Executions will be something like this:
First argument is being passed as a key of the object and respective function is executed with arguments..
var calculate=function(x, y, operation)
{
//operations['+'](38, 4);
//operations['-'](47, 3);
return operations[operation](x, y);
};
Im just getting started on d3.js and was going through Nick's source code on github here and got stuck at the part where he is passing a function as data into d3.js.
The var x in the function assigned to next var gets incremented from 0 to the loop counter as i show in the jsbin link below. I cant quite wrap my head around how x gets incremented automatically and how does it know the loop counter that it needs to get incremented upto everytime.
the next variable is called from >> newdata from the >>render function ?
I just setup a jsbin here
This part:
.data(newData);
is simply going to call the newData function and bind the return to the selection.
So each call to render in the setInterval simply pushes the next function into his data array.
This part then:
selection.attr("class", "v-bar")
.style("height", function (d, i) {
return d(i) + "px"; // <- E
})
.select("span")
.text(function(d, i){
return d(i); // <- F
});
Calls d which is the next function for each element in the data array.

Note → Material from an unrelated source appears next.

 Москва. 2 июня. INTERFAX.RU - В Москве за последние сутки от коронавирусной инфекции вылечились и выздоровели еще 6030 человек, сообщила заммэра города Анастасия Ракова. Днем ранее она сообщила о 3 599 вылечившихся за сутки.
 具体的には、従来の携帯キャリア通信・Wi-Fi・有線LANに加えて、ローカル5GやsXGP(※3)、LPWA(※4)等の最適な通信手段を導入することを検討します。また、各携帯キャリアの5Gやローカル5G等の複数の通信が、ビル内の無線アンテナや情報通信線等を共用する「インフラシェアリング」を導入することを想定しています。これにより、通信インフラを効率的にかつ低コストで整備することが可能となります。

It's passing the index position in the data array.
So the first render call is:
15 + 0 * 0;
Second is:
15 + 0 * 0;
15 + 1 * 1;
Third is:
15 + 0 * 0;
15 + 1 * 1;
15 + 2 * 2;
First, for simplification, this
var selection = d3.select("#container").selectAll("div")
.data(newData); // <- D
is just like writing
var arrayOfFunctions = newData();
var selection = d3.select("#container").selectAll("div")

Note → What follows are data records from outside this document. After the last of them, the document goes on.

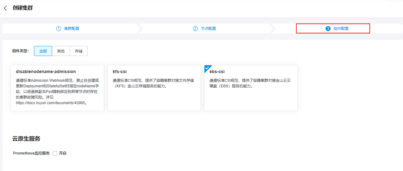 创建容器集群-组件配置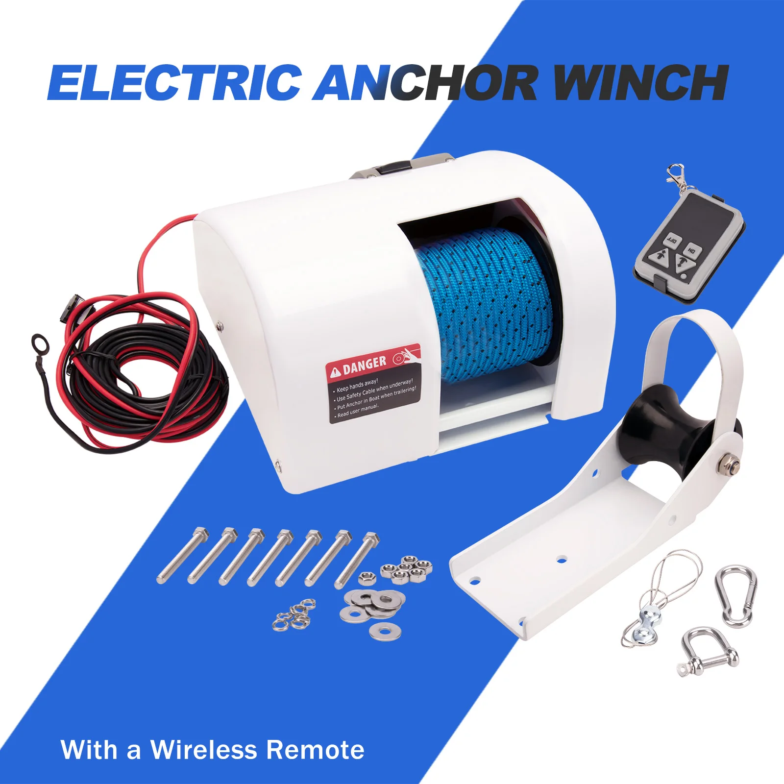 12V Electric Anchor Winch for Boats – 25LBS Saltwater-Ready Marine Anchor System with Wireless Remote Control Kit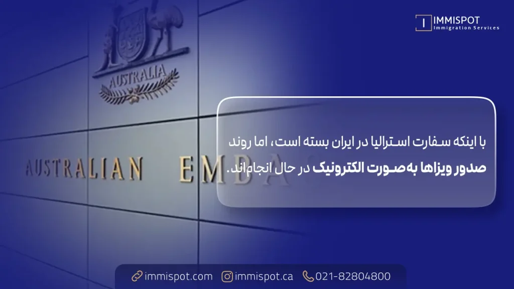 سفارت استرالیا در تهران برای امور کنسولی و بررسی ویزاهای دانشجویی و کاری درحال حاضر بسته است، اما پروندههای مهاجرتی با دلیل اینکه صدور ویزا به صورت الکترونیکی و در خارج از ایران است (از طریق سامانه ImmiAccount)، در حال انجاماند و برای انگشتنگاری، بدون رزرو وقت قبلی به کارگزاری VFS Globalمیتوانید مراجعه کنید.

.data(arrayOfFunctions); // <- D
So, for example, calling this code 3 times (via setInterval) builds up arrayOfFunctions like this:
arrayOfFunctions = [
function (x) { return 15 + x * x; },
function (x) { return 15 + x * x; },
function (x) { return 15 + x * x; }
]
(Note: it's not literally like that, because in actuality they're just pointers to the same function next)
So nothing about that increments x. But once it binds those functions to DOM elements (via data(arrayOfFunctions) and runs through this bit:
selection.attr("class", "v-bar")
.style("height", function (d, i) {
return d(i) + "px"; // <- E
})
d is function (x) { return 15 + x * x; } and i (which is 0, 1, or 2) is passed in as x to that function when it calls d(i).
And that's what essentially increments x.